Furto de comida gerou condenação criminal
Tookapic/ìxabay 

Ele furtou seis abacaxis, oito tomates, quatro pimentões verdes, duas mangas, 12 maracujás, oito bananas, dois pacotes de quiabo e um pacote de pimentas. Os bens, que foram restituídos à vítima, foram avaliados em R$ 56.

Em primeiro grau, a Justiça de São Paulo condenou o homem a um ano de reclusão e 10 dias-multa. A pena foi substituída por serviços à comunidade, com direito de apelar em liberdade. A defesa, feita por advogados do Fontes Advocacia Votuporanga, recorreu e conseguiu reduzir a condenação à pena de multa.
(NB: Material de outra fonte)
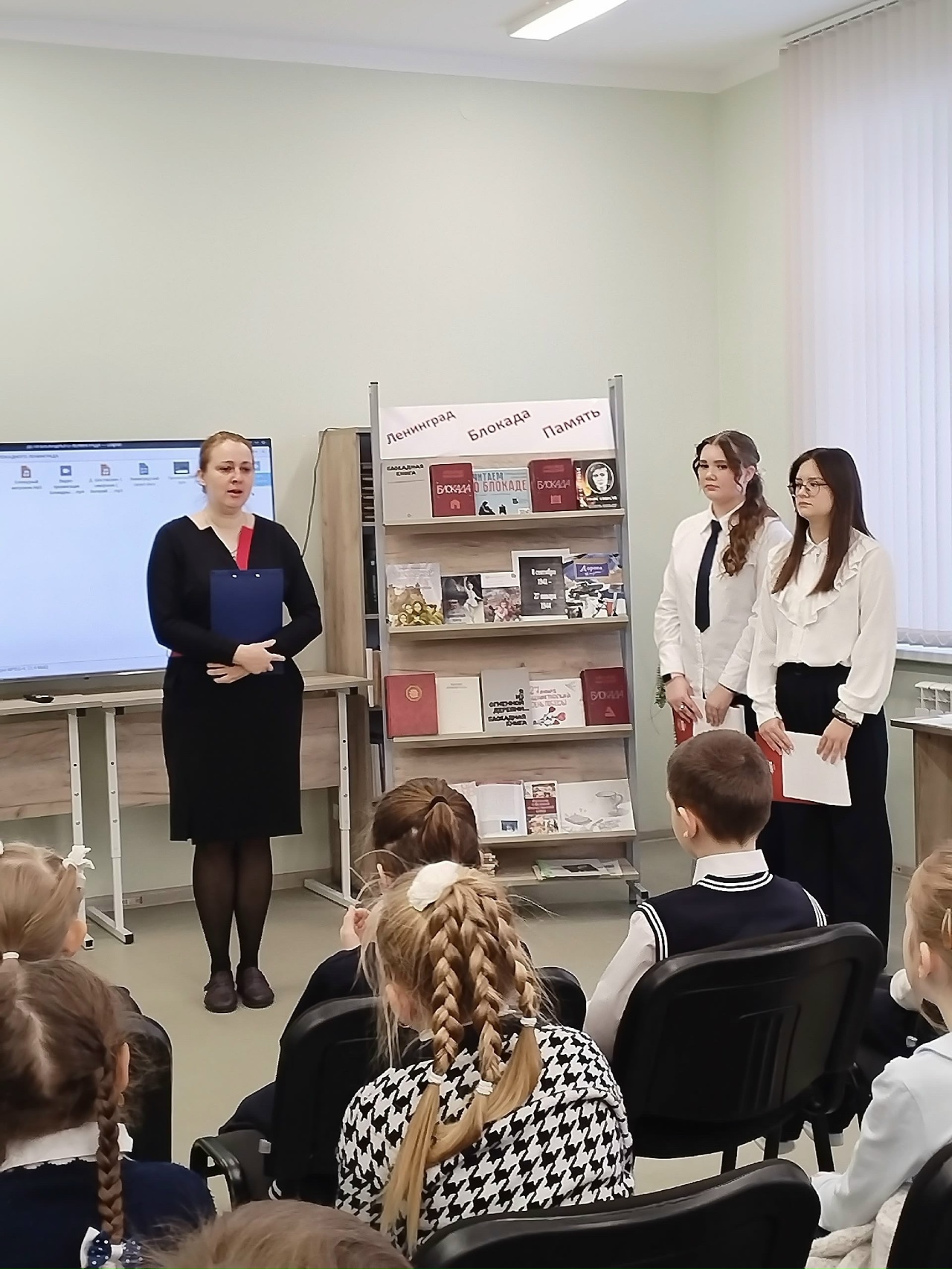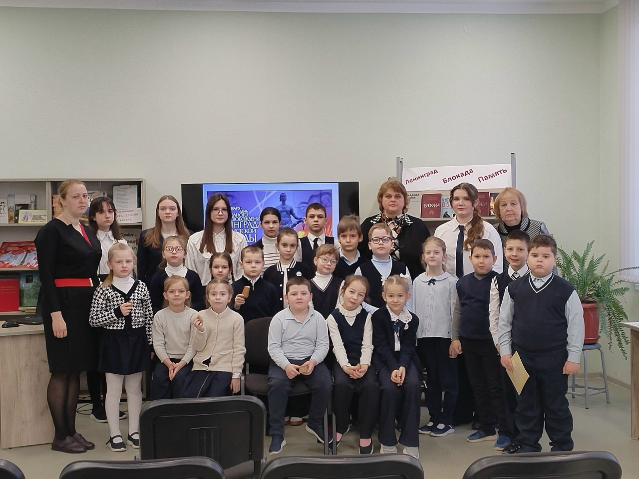Наши семиклассники рассказали маленьким слушателям о том, как по льду Ладожского озера везли хлеб и эвакуировали людей, о подвиге водителей, которые шли под обстрелом, и о цене каждого мешка муки. Первоклашки услышали, как звучит Метроном, и узнали о главном символе того времени — 125 граммах хлеба, суточной норме для многих ленинградцев.

No STJ, o argumento da insignificância sensibilizou o ministro Sebastião Reis Júnior. "Cumpre destacar, ainda, o fato de que o bem foi restituído à vítima, circunstância que, acrescida da natureza e do valor da res furtivae, autoriza a incidência do princípio da insignificância", afirmou, ao conceder a ordem em decisão monocrática.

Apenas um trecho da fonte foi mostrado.